Hepatic transferrin plays a role in systemic iron homeostasis and liver ferroptosis

Abstract

Although the serum-abundant metal-binding protein transferrin (encoded by the Trf gene) is synthesized primarily in the liver, its function in the liver is largely unknown. Here, we generated hepatocyte-specific Trf knockout mice (Trf-LKO), which are viable and fertile but have impaired erythropoiesis and altered iron metabolism. Moreover, feeding Trf-LKO mice a high-iron diet increased their susceptibility to developing ferroptosis-induced liver fibrosis. Importantly, we found that treating Trf-LKO mice with the ferroptosis inhibitor ferrostatin-1 potently rescued liver fibrosis induced by either high dietary iron or carbon tetrachloride (CCl4) injections. In addition, deleting hepatic Slc39a14 expression in Trf-LKO mice significantly reduced hepatic iron accumulation, thereby reducing ferroptosis-mediated liver fibrosis induced by either a high-iron diet or CCl4 injections.

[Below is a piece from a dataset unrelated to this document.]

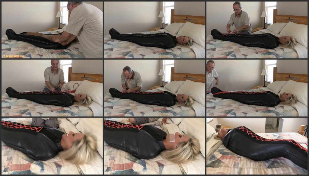 In a day of firsts for my lovely new friend, I asked Carolina after First Hood Feelings if she would like to try a bondage sack. She gave me a look I was becoming used to by now. Something along the lines of, “Oh gosh no … well, okay!” After Carolina introduces herself and wonders out loud about her partner who says she is pretty, yet hoods her, and thinks she has a fabulous body, but wants to put it in a sack, the presentation is all about getting her neoprene rubber confined. I help get her arms into the inner sleeves, then while zipping her up explain the frisky business option the triple zipper affords, and to tighten things up, apply red rope lacing along the length of the sack, finishing the security by tying it off to a bedpost. Carolina is a happy smiling girl throughout, and as well quite content to have her mouth stuffed with cloth and taped over with translucent duct tape. She could take a bigger wad but that is okay. With her lips closed the finished product is a perfect gag kiss. I challenge her to push her gag out but it does not budge. Sometimes I think bondage girls do not want to push their tape gag off. Now that I have Carolina helpless, I begin to verbalize perilous innuendo that she did not sign up for, which in turn prompts fabulous damsel in dismay reactions by the blonde beauty queen. After all, she did just meet me and perhaps my original gentlemanly manner was just a facade masking an inner demon.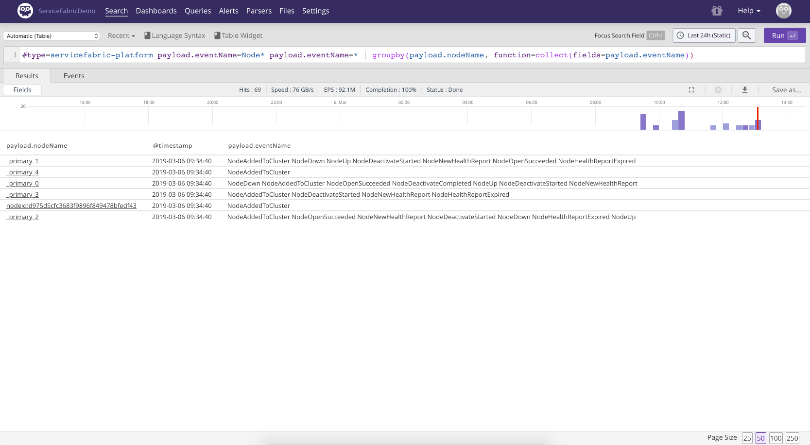 | groupby(payload.nodeName, function=collect(fields=payload.eventName))![]() |

Finally, we found that patients with liver cirrhosis have significantly lower levels of serum transferrin and hepatic transferrin, as well as higher levels of hepatic iron and lipid peroxidation, compared with healthy control subjects. Taken together, these data indicate that hepatic transferrin plays a protective role in maintaining liver function, providing a possible therapeutic target for preventing ferroptosis-induced liver fibrosis.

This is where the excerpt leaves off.